Failure to completely eliminate leukemic stem cells (LSC) is the major factor in treatment failure and relapse in acute myeloid leukemia (AML). Therefore, the development of chemotherapeutic agents targeting LSC is imperative for patients with AML. Here, we report that the combination of the histone deacetylase inhibitor chidamide (CS055) and peroxisome proliferator-activated receptor (PPAR) pan agonist (chiglitazar) has a synergistic killing effect on CD34⁺CD38^- leukemia stem-like cells and primary CD34⁺ AML cells in vitro while sparing normal hematopoietic progenitor cell. Besides, the combination regimen inhibits the tumorigenic progression of AML in the patient-derived xenograft (PDX) mouse models driven by primary CD34⁺ AML cells generated from AML patients. Mechanistically, chiglitazar enhances the inhibitory effect of CS055 on HDAC3 and combines with CS055 to induce ferroptosis in CD34⁺CD38^- leukemia stem-like cells by suppressing SLC7A11 expression. Moreover, the inhibition of HDAC3 increases the H3K27ac levels in the promoter region of activating transcription factor 3 (ATF3) and upregulates the expression of ATF3, which is the transcriptional repressor of the SLC7A11 gene.
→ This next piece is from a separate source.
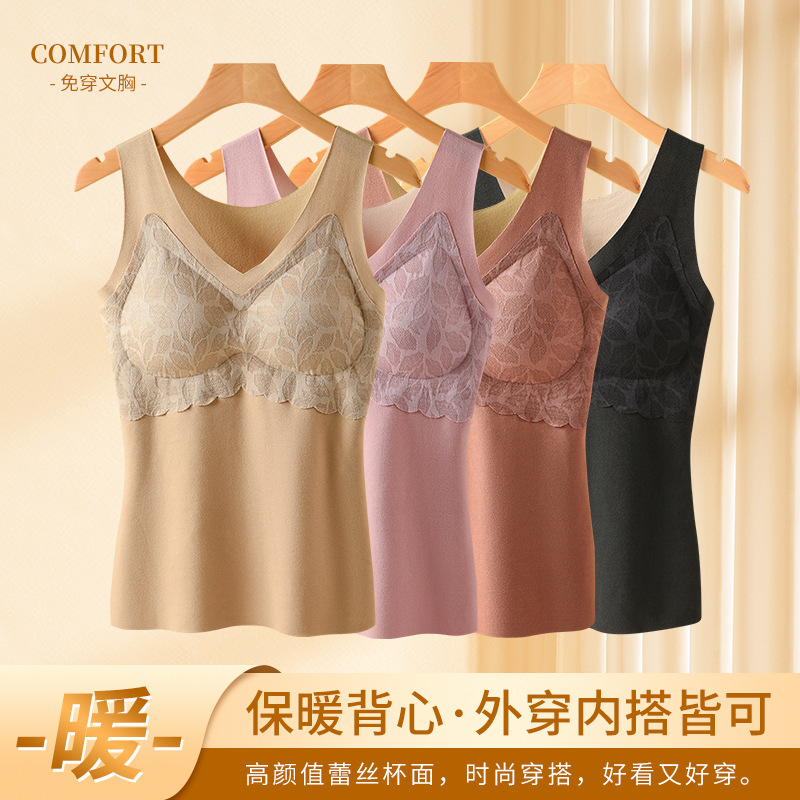 2023加绒加厚保暖背心女无痕可拆卸胸垫百搭吊带打底衫保暖上衣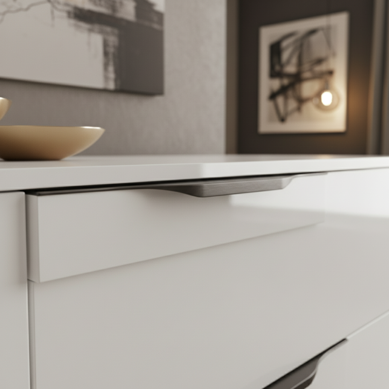 Díky tvaru, při kterém úchytka překrývá celou jednu stranu dvířek, vzniká elegantní lemování a jedinečný vizuální efekt. Tento design zajišťuje komfortní otevírání bez vystupujících prvků, což zároveň přispívá k bezpečnosti a estetickému minimalismu.

Meanwhile, down-regulation of HDAC3 expression or deficiency of the deacetylase activity can suppress the transcriptional activation effects of activating transcription factor 4 (ATF4) on the SLC7A11 gene. Thus, we conclude that this combination regimen of CS055 and chiglitazar serves as a new therapeutic approach to enhance the elimination of leukemia stem and progenitor cells in AML treatment.

No relevant conflicts of interest to declare.